### YOUR ASSIGNMENT
Write out exactly the lines running from the one with "71945688 alte Postkarte" to the end of the data, including both of those lines and excluding pictures.

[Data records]
*** Block opens ***

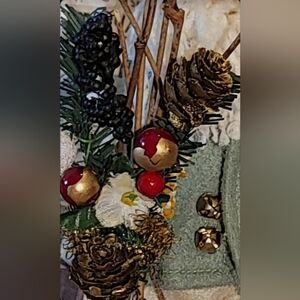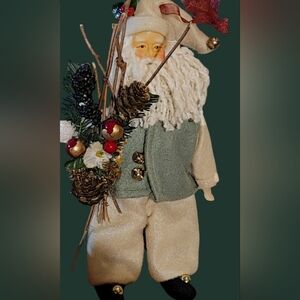 FEATURES: SANTA CLAUS HANDS AND FACE ARE MADE OF PORCELAIN & HOLDING A BUNDLE OF STICKS, PINECONES AND HOLLY
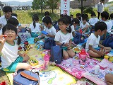 「おいしいね」「卵焼き大好き!!」・・・と、お母さんお手製のお弁当を、にこにこ顔でいただきました。おやつも食べて、大満足!!
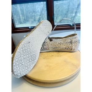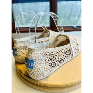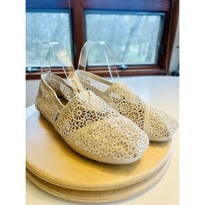 TOMS Cream Crochet Classic Canvas Alpargata Slip On Shoes Size 7.5 Women’s
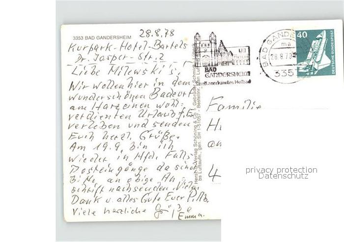 71945688 alte Postkarte Bad Gandersheim Fliegeraufnahme postalisch gelaufen Erhaltung siehe scans KatCode: 11110003155001
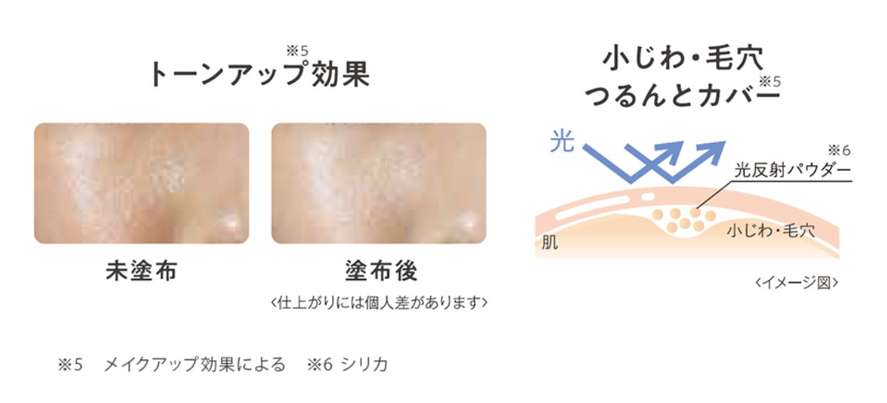 ※1 年齢に応じたお手入れ ※2 紫外線吸収剤不使用 ※3 保湿成分 ※4 加水分解コラーゲン末、コメ胚芽油(保湿) ※5 メイクアップ効果による ※6 シリカ
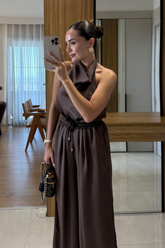3 AL 2 ÖDEJullie Acı Kahve Saten Bluz Pantolon Takım

*** Block closes ***

### ANSWER TO THIS TASK
 71945688 alte Postkarte Bad Gandersheim Fliegeraufnahme postalisch gelaufen Erhaltung siehe scans KatCode: 11110003155001
 ※1 年齢に応じたお手入れ ※2 紫外線吸収剤不使用 ※3 保湿成分 ※4 加水分解コラーゲン末、コメ胚芽油(保湿) ※5 メイクアップ効果による ※6 シリカ
3 AL 2 ÖDEJullie Acı Kahve Saten Bluz Pantolon Takım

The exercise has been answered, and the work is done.